* [DESCRIPTION OF THE TASK]: Write again exactly the lines in the listing below, starting at the line with "Bottines à empiècements" and ending at the line with "An adorable addition", both included. Pictures are not copied.

* [SUPPLIED INFORMATION]:
Segment Open
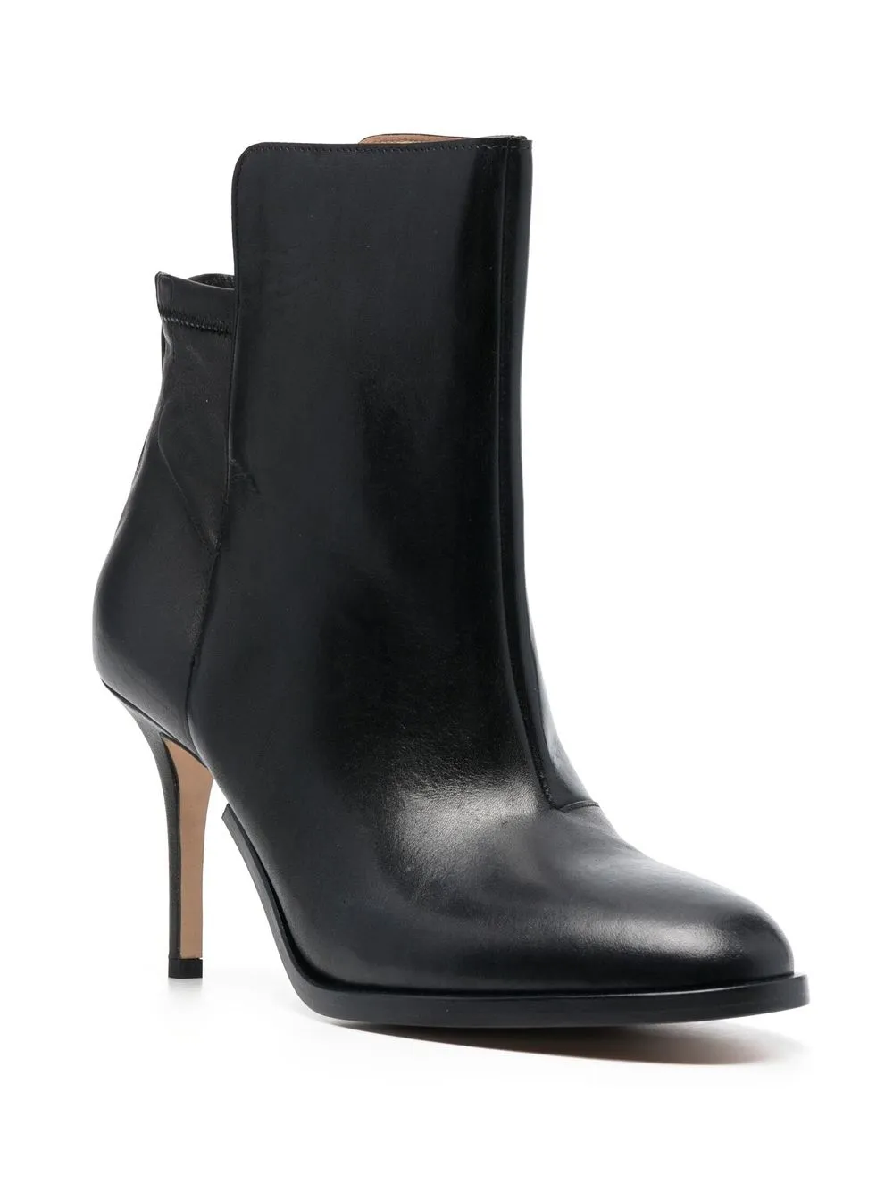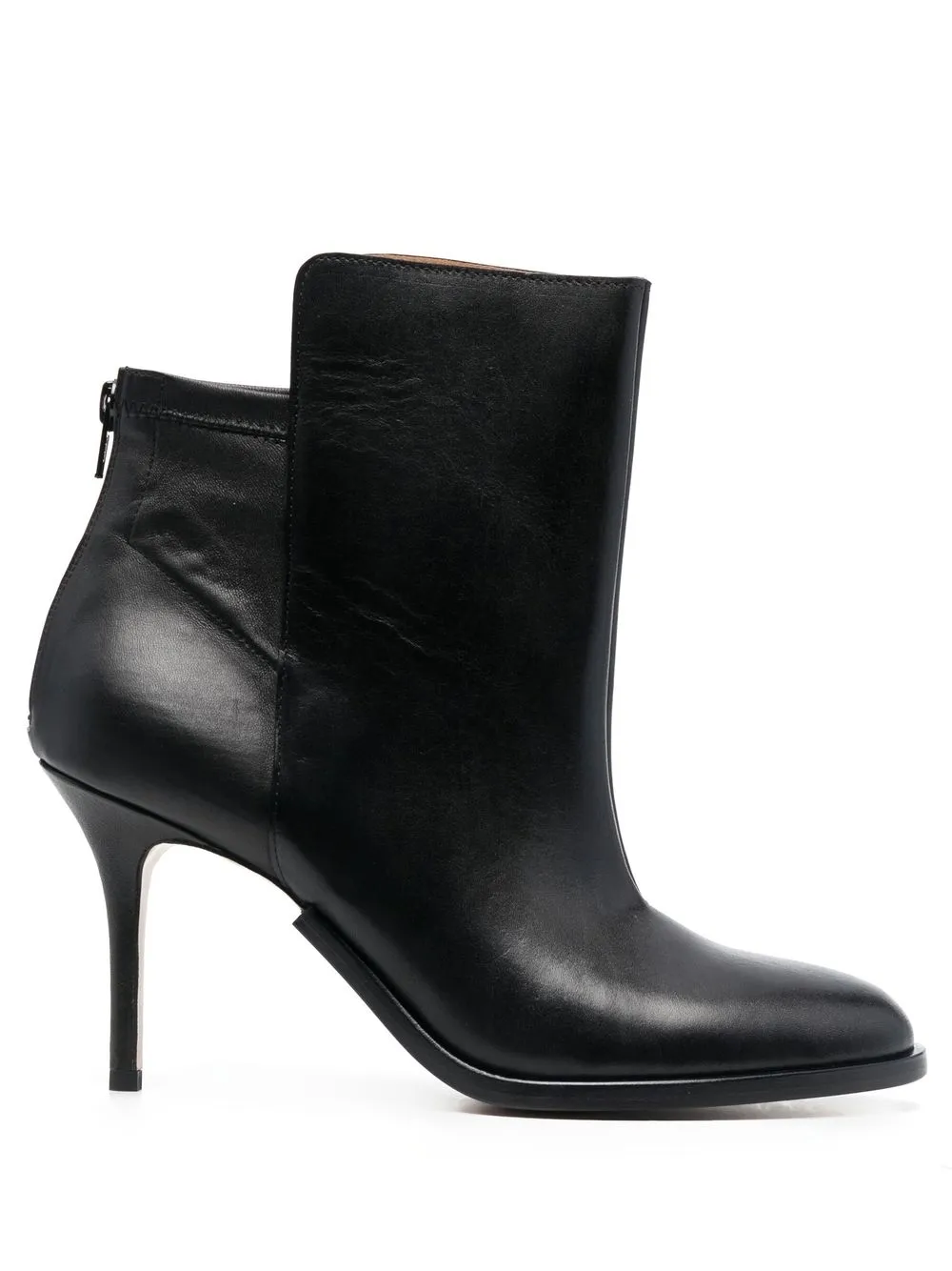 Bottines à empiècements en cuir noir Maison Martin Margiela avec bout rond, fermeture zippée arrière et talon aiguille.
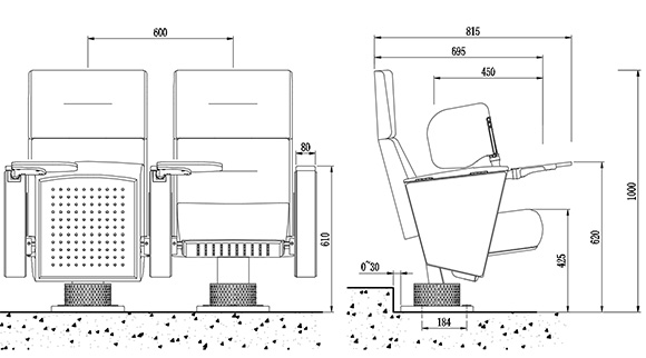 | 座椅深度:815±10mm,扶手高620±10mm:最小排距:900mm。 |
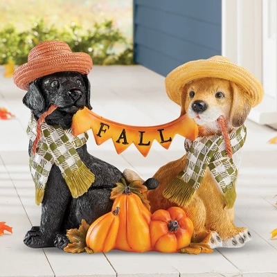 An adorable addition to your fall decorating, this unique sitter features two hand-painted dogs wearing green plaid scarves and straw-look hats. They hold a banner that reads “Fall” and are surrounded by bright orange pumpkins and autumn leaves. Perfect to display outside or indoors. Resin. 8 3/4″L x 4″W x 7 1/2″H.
Segment Closed
Segment Open
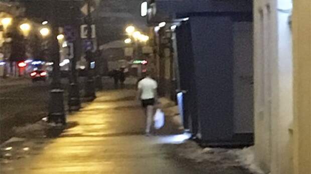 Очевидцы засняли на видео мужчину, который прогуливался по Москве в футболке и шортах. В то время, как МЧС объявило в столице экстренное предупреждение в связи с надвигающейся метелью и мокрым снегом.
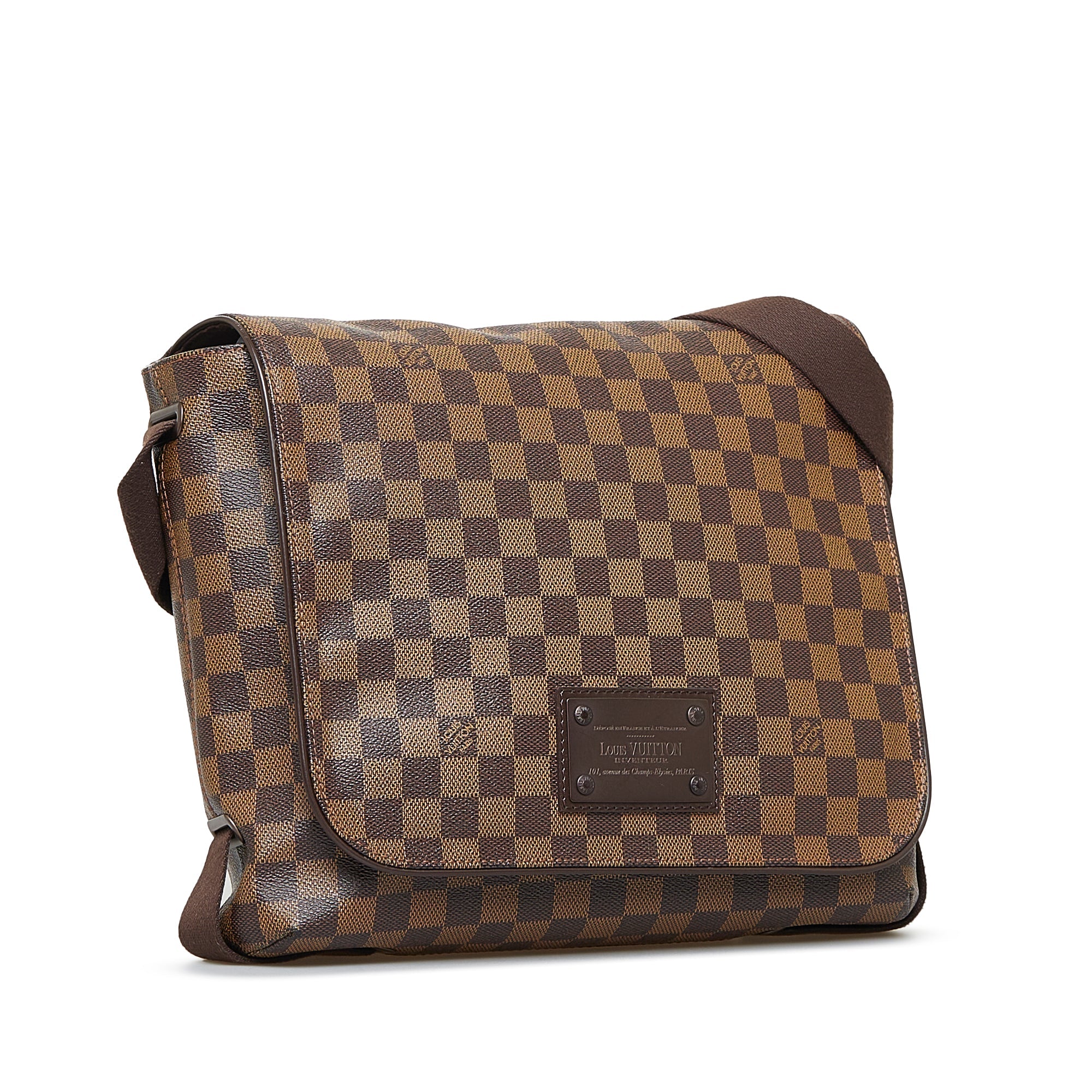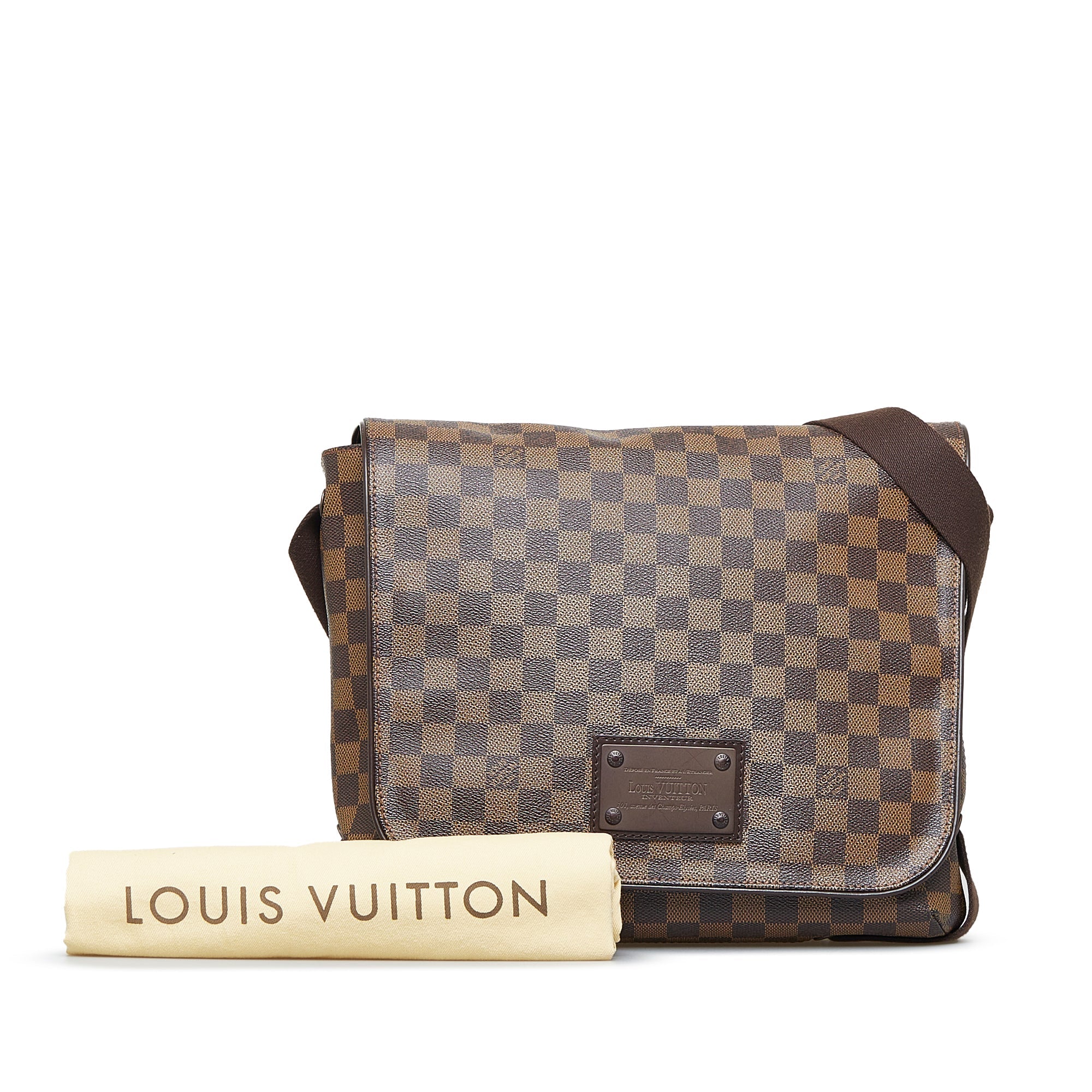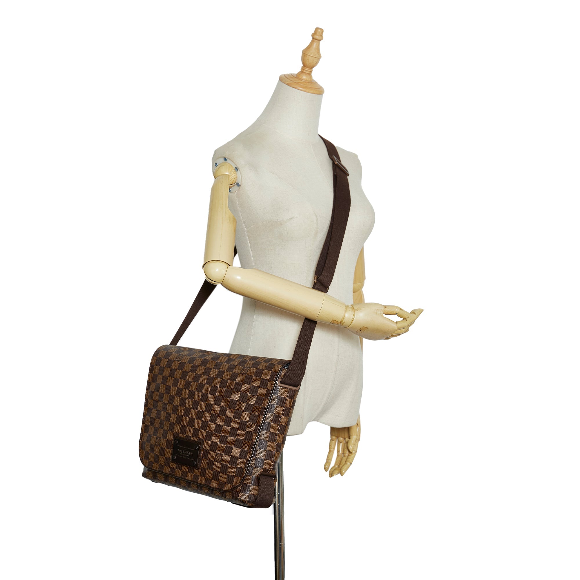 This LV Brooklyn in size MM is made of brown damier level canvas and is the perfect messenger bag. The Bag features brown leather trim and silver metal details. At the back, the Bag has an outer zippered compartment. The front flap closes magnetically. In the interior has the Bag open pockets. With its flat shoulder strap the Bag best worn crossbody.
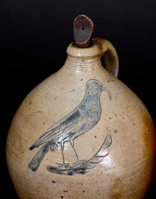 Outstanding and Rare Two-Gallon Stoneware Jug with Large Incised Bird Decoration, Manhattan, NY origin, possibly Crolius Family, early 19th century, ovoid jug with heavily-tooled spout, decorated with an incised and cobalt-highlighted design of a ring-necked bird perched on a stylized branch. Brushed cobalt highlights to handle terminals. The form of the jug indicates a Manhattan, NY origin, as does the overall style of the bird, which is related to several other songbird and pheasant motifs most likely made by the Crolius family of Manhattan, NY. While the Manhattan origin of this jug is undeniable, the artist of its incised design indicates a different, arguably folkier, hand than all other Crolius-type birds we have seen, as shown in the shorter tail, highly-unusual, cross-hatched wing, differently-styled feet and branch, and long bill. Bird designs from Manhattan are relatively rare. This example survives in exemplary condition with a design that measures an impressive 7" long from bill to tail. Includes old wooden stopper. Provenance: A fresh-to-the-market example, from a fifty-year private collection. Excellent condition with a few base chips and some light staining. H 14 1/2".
Segment Closed
* [SOLUTION FOR THIS EXERCISE]:
 Bottines à empiècements en cuir noir Maison Martin Margiela avec bout rond, fermeture zippée arrière et talon aiguille.
 | 座椅深度:815±10mm,扶手高620±10mm:最小排距:900mm。 |
 An adorable addition to your fall decorating, this unique sitter features two hand-painted dogs wearing green plaid scarves and straw-look hats. They hold a banner that reads “Fall” and are surrounded by bright orange pumpkins and autumn leaves. Perfect to display outside or indoors. Resin. 8 3/4″L x 4″W x 7 1/2″H.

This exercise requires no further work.